Motivated by potential phenomenological applications, we develop the necessary tools for building GUT models in F-theory. This approach is quite flexible because the local geometrical properties of singularities in F-theory compactifications encode the physical content of the theory. In particular, we show how geometry determines the gauge group, matter content and Yukawa couplings of a given model. It turns out that these features are beautifully captured by a four-dimensional topologically twisted N=4 theory which has been coupled to a surface defect theory on which chiral matter can propagate. From the vantagepoint of the four-dimensional topological theory, these defects are surface operators. Specific intersection points of these defects lead to Yukawa couplings. We also find that the unfolding of the singularity in the F-theory geometry precisely matches to properties of the topological theory with a defect.

Paper Structure

This paper contains 36 sections, 278 equations, 5 figures.

Figures (5)

  • Figure 1: Dynkin diagrams for the $E$-series of Lie Groups. Starting from $E_{8}$, deleting the rightmost node of each successive diagram produces the next entry. The entry $E_{3}=SU(3)\times SU(2)$ is the non-abelian gauge group of the Standard Model.
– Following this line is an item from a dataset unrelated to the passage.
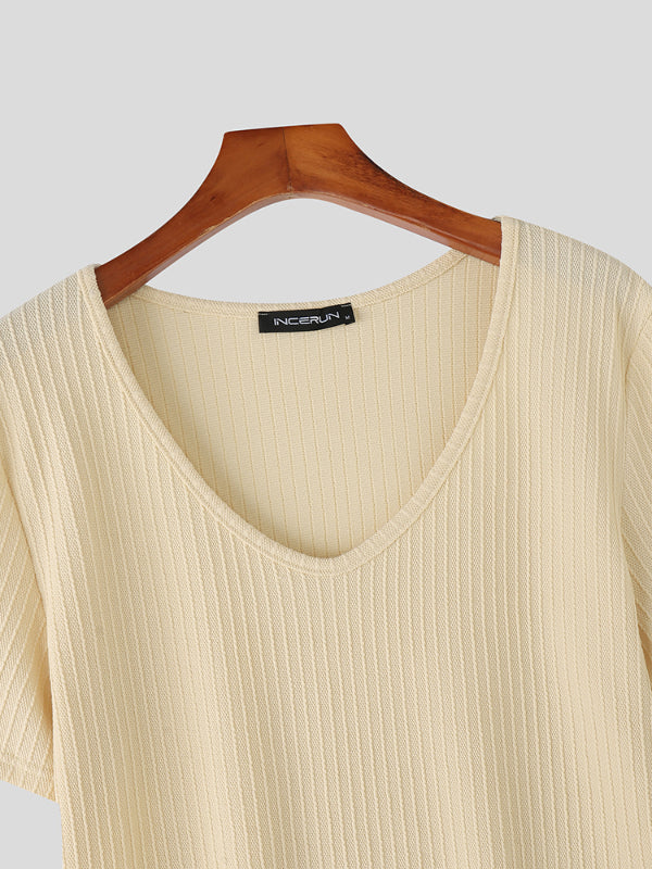 Mens Textured V-Neck Short Sleeve T-Shirt SKUL13340

  • Figure 2: Depiction of intersecting seven-branes wrapping a compact surface $S$ with gauge group $G_{S}$ and a non-compact surface $S^{\prime}$ with non-dynamical gauge group $G_{S^{\prime}}$. In the threefold base of the F-theory compactification, the intersection locus of $S$ and $S^{\prime}$ is a Riemann surface where the singularity type enhances further to $G_{\Sigma }\supset G_{S}\times G_{S^{\prime}}$.
  • Figure 3: Prior to brane recombination, the common locus of two stacks of intersecting seven-branes lead to additional light degrees of freedom which propagate along a six-dimensional defect theory (top). When these light degrees of freedom condense, the branes recombine (bottom).
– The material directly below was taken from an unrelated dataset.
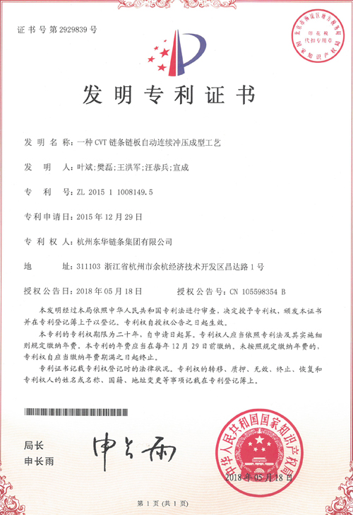 另,2019年12月,集團(tuán)知識(shí)產(chǎn)權(quán)管理體系順利通過中知(北京)認(rèn)證有限公司的年度監(jiān)督審核,進(jìn)一步證實(shí)了集團(tuán)公司知識(shí)產(chǎn)權(quán)管理體系運(yùn)行有效性。同時(shí),《2019年度浙江省專利項(xiàng)目績(jī)效評(píng)價(jià)(專利獎(jiǎng))結(jié)果公示》,集團(tuán)公司“一種CVT鏈條鏈板自動(dòng)連續(xù)沖壓成型工藝”發(fā)明專利榮獲浙江省專利優(yōu)秀獎(jiǎng)。

  • Figure 4: Depiction of the bulk eight-dimensional gauge theory defined by F-theory with singularity type $G_{S}$ at generic points of the complex surface $S$. Along a codimension one defect, the singularity type can generically enhance to the higher rank singularity $G_{\Sigma_{j}}$. At codimension two defects where distinct matter curves intersect, the geometry can enhance to the even higher rank singularity $G_{p_{ij}}$ when two curves intersect (a) and $G_{p_{ijk}}$ when three curves intersect (b). Contrary to expectations based on dimension counting, we find that case (b) is generic for geometries with exceptional type singularities.
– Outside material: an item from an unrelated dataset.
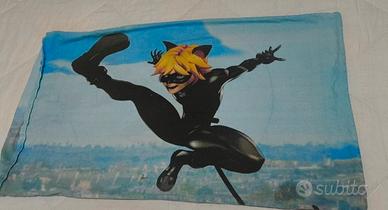 lenzuolo da letto singolo e federa duble face, lady bug e chat noir

  • Figure 5: Dynkin diagrams which illustrate how the gauge group $SU(5)$ with corresponding singularity $A_{4}$ can enhance along matter curves to $A_{5}$ and $D_{5}$ and can undergo a further rank two enhancement at isolated points to either $D_{6}$ (i) or $E_{6}$ (ii). Whereas the first possibility can generically be realized in perturbative type II string theory constructions for any rank, the second case is exceptional and can give rise to Yukawa couplings which vanish perturbatively.